■ **TASK DIRECTIONS**:
Would you give the listing again exactly as written, minus its pictures?

■ **DATA SEGMENT**:
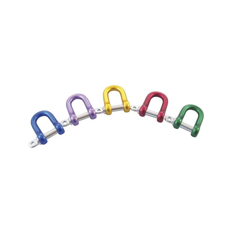 D-sjækel i farvet alu, med almindelig arm der skrues i gevind.
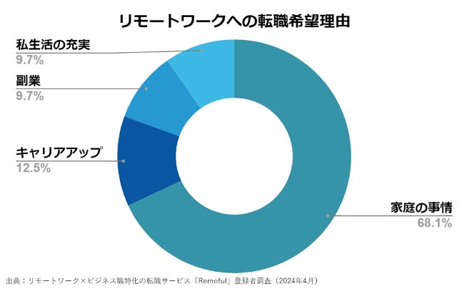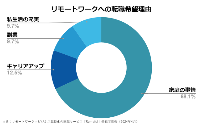 エンジニア職に比較すると、依然として普及が進んでいないビジネス職正社員のリモートワーク。そのリモートワーク×ビジネス職×正社員の転職支援に特化する「Remoful」にて、キャリアアドバイザーを通じた転職希望者へのヒアリング調査を行いました。調査の結果、リモートワークへの転職希望理由において、最多の68%を占めたのが「家庭の事情」でした。そして、次に「キャリアアップ」が12.5%、「副業」、「私生活の充実」が9.7%となりました。
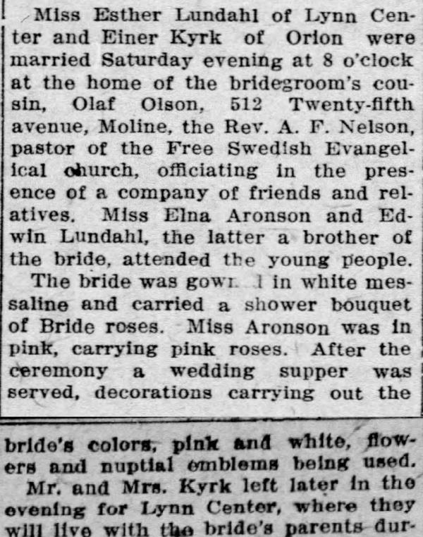 Einer Kyrk were married on December 1, 1917 in Moline, Rock Island, Illinois, USA. She died.

■ **SOLUTION**:
 D-sjækel i farvet alu, med almindelig arm der skrues i gevind.
 エンジニア職に比較すると、依然として普及が進んでいないビジネス職正社員のリモートワーク。そのリモートワーク×ビジネス職×正社員の転職支援に特化する「Remoful」にて、キャリアアドバイザーを通じた転職希望者へのヒアリング調査を行いました。調査の結果、リモートワークへの転職希望理由において、最多の68%を占めたのが「家庭の事情」でした。そして、次に「キャリアアップ」が12.5%、「副業」、「私生活の充実」が9.7%となりました。
 Einer Kyrk were married on December 1, 1917 in Moline, Rock Island, Illinois, USA. She died.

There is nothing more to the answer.